LINCOLN, Neb. – For the past 20 years, women's college basketball coaches have understood the road to any significant national pinnacle eventually runs through UConn, which had already visited 14 Final Fours before Monday's Elite Eight game against Texas A&M.
During his press conference at Pinnacle Bank Arena on Sunday, Aggies' Hall of Fame coach Gary Blair, as sage as they come, was asked what he thought the chances were that trend would continue now that UConn is left to roost in the American Athletic Conference.
"In my opinion, it seems similar to what it was back in the day at Louisiana Tech [where Blair served as an assistant from 1980-85]. At some point it became harder for [coach] Leon Barmore to get the games he needed to inspire himself and his team to play at the highest level," Blair said. "It was harder for him to convince the great players to come to LA Tech. They began going to places where there were charter flights and better meal money and where everything was bigger. [Sustainability] can still be done, but we're not letting him in the SEC, I'll tell you that. They will not be coming in."
Blair was smiling when he said that. But then he explained why he thinks UConn was left behind in the latest round of conference expansion.
"I think what is likely holding UConn back is the football program. Unfortunately, it doesn't matter how good their basketball teams or other teams are; football pays the bills and until they improve their football, they probably won't be invited to play in the right conference," Blair said.
"Can [the American] steal a few teams to come to their conference? Who knows. That's beyond my pay scale."
Blair knows some big-time schools will refuse to play UConn as nonconference opponents. The reasons are many.
"But, I'll tell you this, [UConn and Texas A&M] will play each other [in the regular season]. There's many teams who won't, but we will. The respect Geno has in the game is why people will play him. It's good for the game. I'd love to play him every year, in the Elite Eight or Final Four, that is. But I wouldn't mind starting another series with him and I am sure you will eventually see Tennessee back with them, too.
"Geno does not need to play nonconference games against the bottom half in major conferences. He needs to play teams in the top third of the six major conferences, not including his.
"And what we need to do for parity is play games like this in January and February for television's sake. I know it's going to hurt us more than it will hurt him. All Geno needs to do is play three games in a week to have one great one to make his team better. But that's no sweat off his back. He will figure it out, don't worry."
Don't Look Down
Auriemma subscribes to the view most coaches share that winning the Elite Eight game is more difficult, in many respects, than succeeding in the Final Four.
It's just always been my experience," Auriemma said. "I like to read books. As coaches, we have a lot of airplane time, bus time, whatever. It's like when you read about people who climb Mount Everest. You know? They get to where it's 500, 600 feet away from the top and that's when most accidents happen. That's when most people die. That's because you can see the end. You can see the result of all of your hard work. But now is when you have to be the most careful.

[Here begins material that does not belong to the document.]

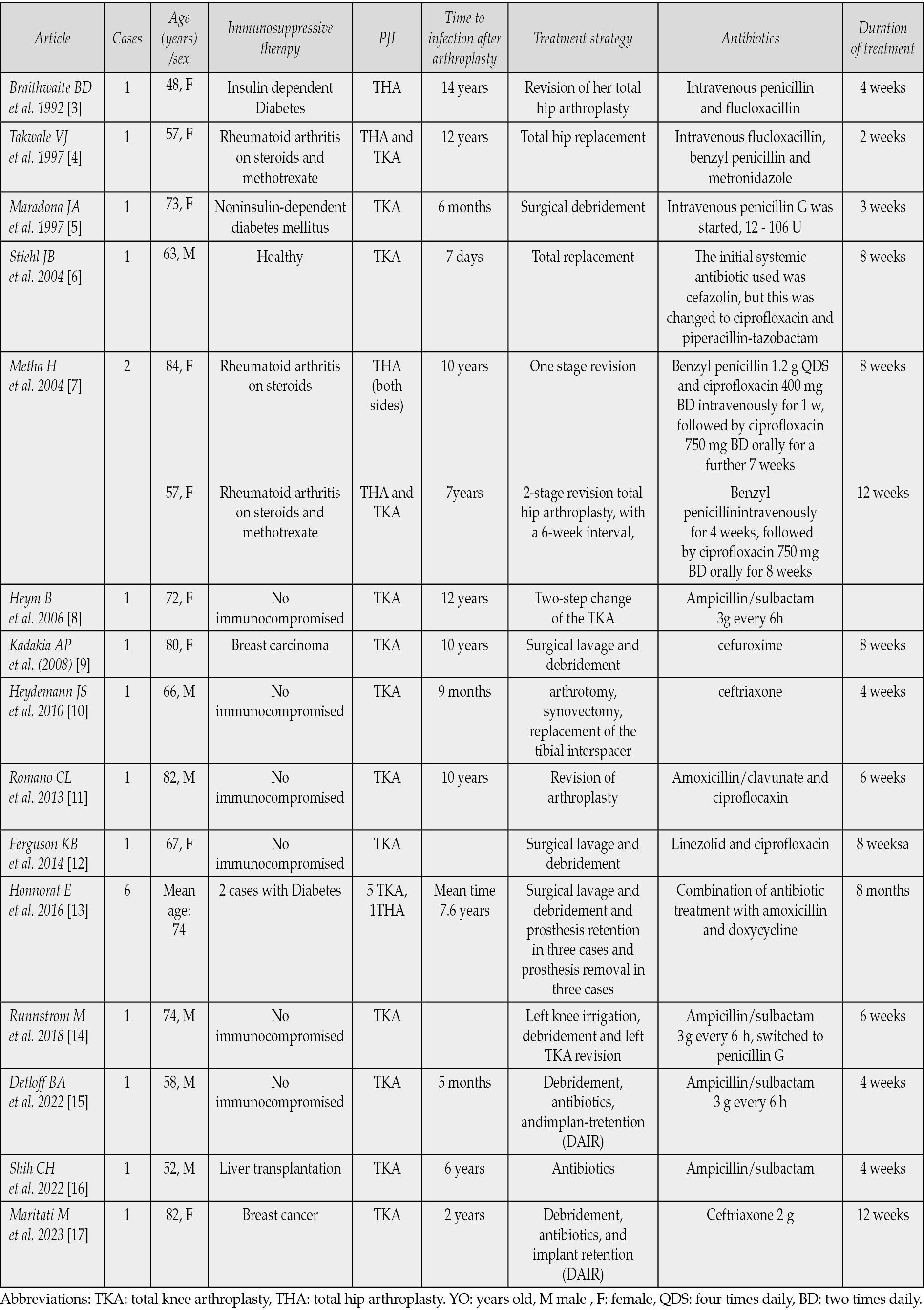 Search results were limited to articles written in the English-language. There were 14 publications; 6 were found in PubMed and 8 in Google Scholar (the first one was reported in 1992 and the last one was reported in 2023) (Table 1) [3-17]. Out of the 21 cases, most were male, with an average age of 68 years. The majority had total knee arthroplasty. Most patients underwent surgical replacement combined with beta-lactam antibiotics (ampicillin-sulbactam, amoxicillin, piperacillin/tazobactam).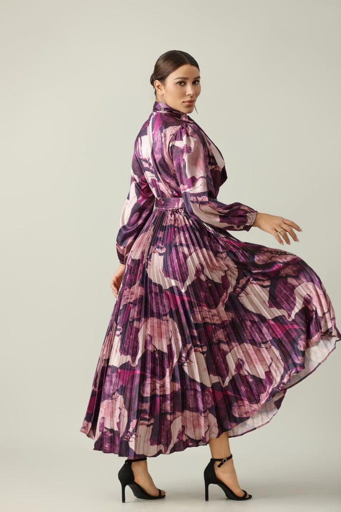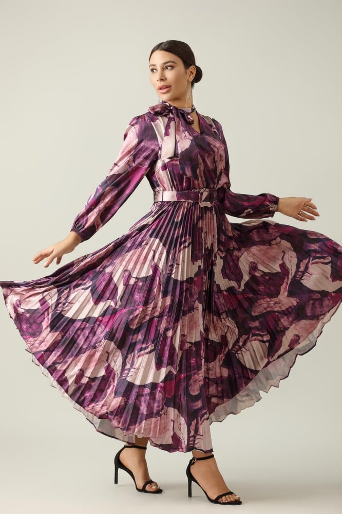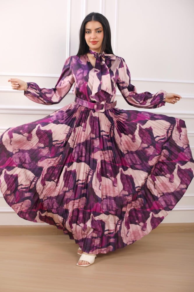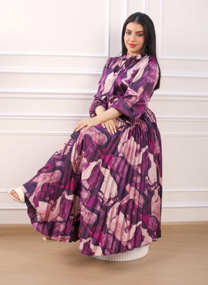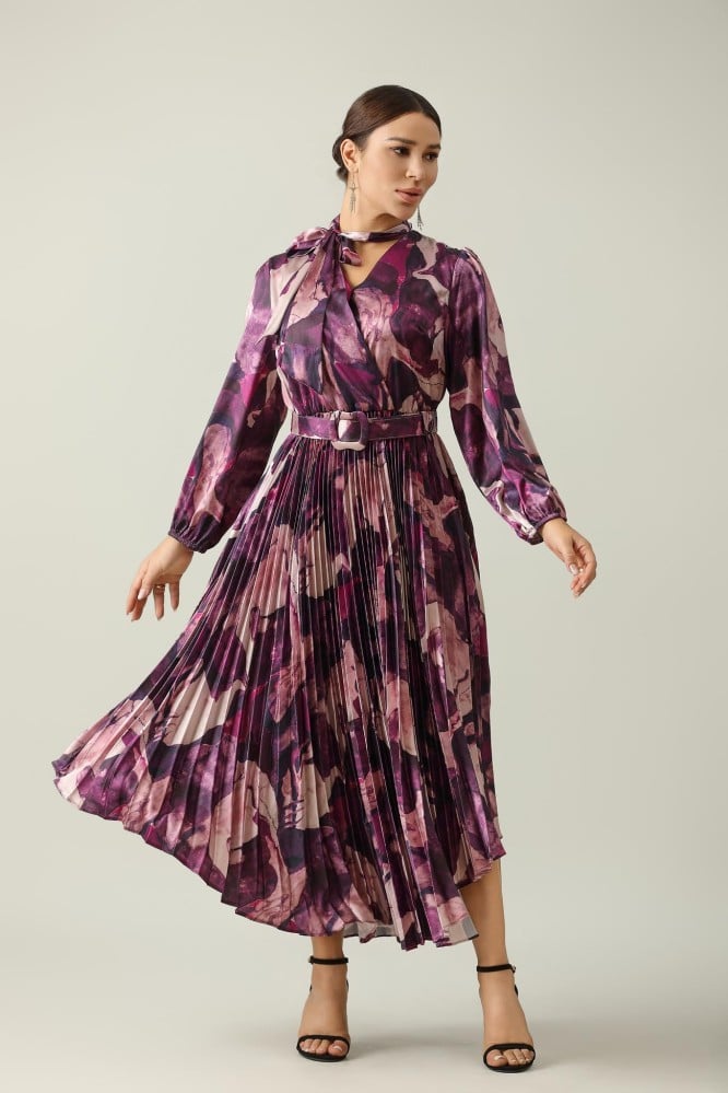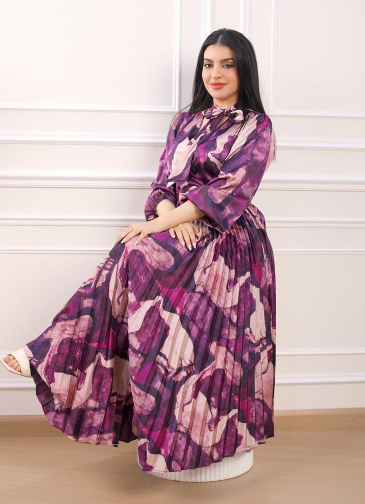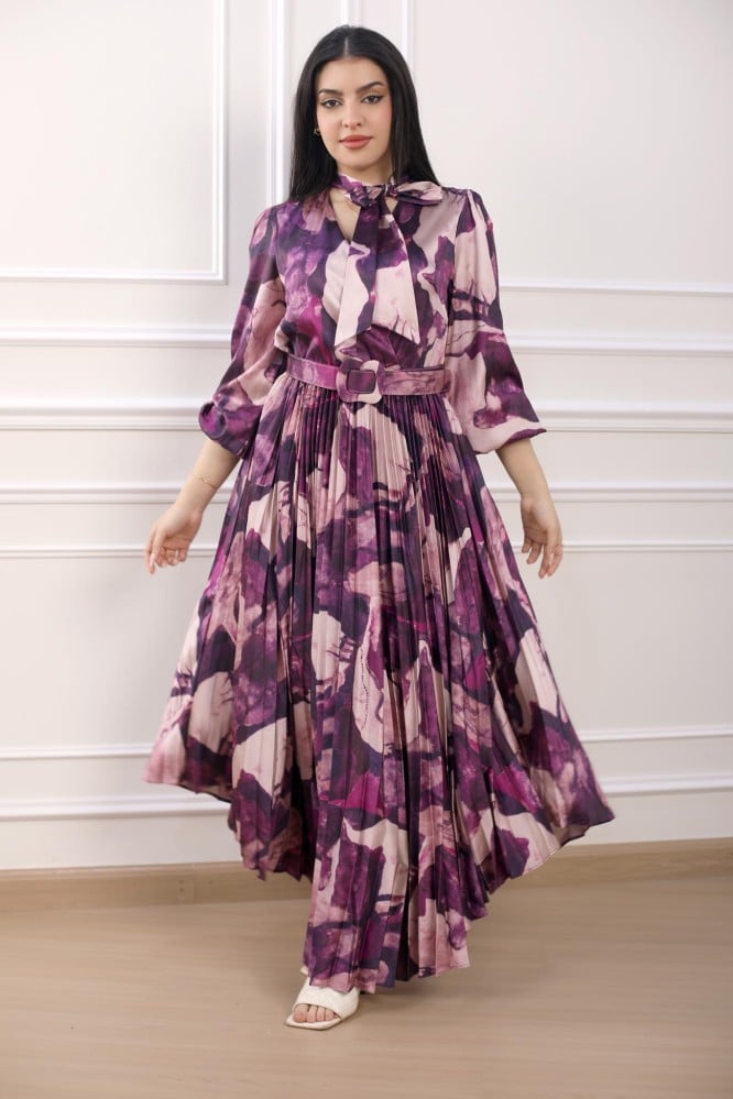 فستان ميدي كسرات اكمام طويلة على ربطه عنق قصة لف من الصدر ومكسر من الاسفل

"So here you are, you are one game away from the Final Four. That's every kid's dream when you go to college. You're right there. You are right on the edge. And it affects people in different ways. That's why I think it's difficult."
After the completion of their practice Sunday, the Huskies watched the end of the UConn men's Elite Eight game and recorded a short video of congratulations for them. … The proposed UConn men's and women's doubleheader, to be played at either Madison Square Garden or Barclays Center in Brooklyn, N.Y., next season, is apparently gaining moment but appears contingent, as usually is the case, on finding opponents attractive enough to entice the facilities' approval. ... Senior center Stefanie Dolson, senior guard Bria Hartley and sophomore forward Breanna Stewart have earned a spot on the U.S. Basketball Writers Association All-America team and are finalists for the Ann Meyers Drysdale Award as national player of the year. Dolson is the fifth Husky to earn multiple selections to the team, which began in 1996, joining Nykesha Sales, Svetlana Abrosimova, Diana Taurasi and Maya Moore.